Residual Income Analysis Cash Flow Safety The net cash remaining after all debts and taxes. A primary solvency metric for VA Loans to ensure borrower stability.
Grossing-Up Adjustment DTI Optimization Increasing non-taxable income (e.g., Social Security) by 25% to its pre-tax equivalent to artificially lower the DTI ratio.
Compensating Factors Risk Mitigation Attributes like high cash reserves or a large down payment that allow underwriters to approve DTIs above standard limits.
Qualified Mortgage (QM) Regulatory Status A loan that meets Ability-to-Repay (ATR) rules. Exceeding 43% DTI often pushes the loan into Non-QM territory with higher rates.
Manual Underwriting Human Risk Review An in-depth review process for borrowers whose solvency metrics don't fit Automated Underwriting System (AUS) algorithms.
This Institutional Solvency Matrix by kovertiz.com helps users anticipate loan approval decisions by modeling current mortgage underwriting standards.
Revolving Debt & Solvency Technical FAQ

Credit & Interest Analytics

Deep dive into revolving amortization logic, APR compounding, and liquidation velocity.

01

How is revolving interest calculated on a daily basis?

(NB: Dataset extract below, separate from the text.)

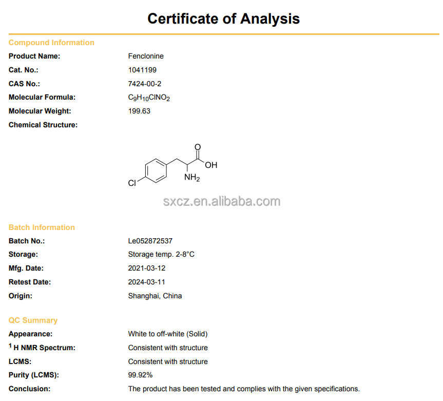 Achieve Chem-tech (Since 2008) Chemical Material CAS 7424-00-2 DL-4-Chlorophenylalanine Phenclonine

Interest is calculated using the Average Daily Balance (ADB) method. The Daily Periodic Rate (DPR)—APR divided by 365—is applied to your balance every 24 hours. This creates intra-cycle compounding, where interest accrued in the previous period becomes part of the principal for the next day's calculation.

02

What is the "Minimum Payment Trap" in technical terms?

It represents a state of near-negative amortization. Minimum payments typically cover periodic interest charges plus only 1% of the principal. This structure extends the weighted average life of the debt significantly, converting a revolving line into a perpetual liability with a 20+ year payoff lifecycle.

03

Why is the "Grace Period" lost when carrying a balance?

Failing to pay a statement balance in full triggers the forfeiture of the interest-free grace period. Subsequent transactions incur immediate interest accrual from the posting date. Restoring the grace period generally requires a zero-balance statement for two consecutive billing cycles.

04

How do Hardship Programs alter liquidation velocity?

A Credit Hardship Program acts as a temporary interest rate floor. By lowering the APR, a higher percentage of the fixed monthly payment is reallocated from servicing costs to principal reduction, accelerating the debt's liquidation velocity.

05

What is "Residual Interest" and why does it appear after payoff?

Also known as Trailing Interest, it is the interest accrued between the statement closing date and the date the final payment is cleared. Because of daily periodic accrual, paying the "statement balance" does not account for the interest generated during the payment processing window.

06

How does Credit Utilization affect FICO Score elasticity?

Revolving utilization represents 30% of the FICO scoring model. Reducing the balance-to-limit ratio below 10% triggers high score elasticity, potentially leading to rapid credit score gains. This tool models the specific principal injection required to reach these tiers.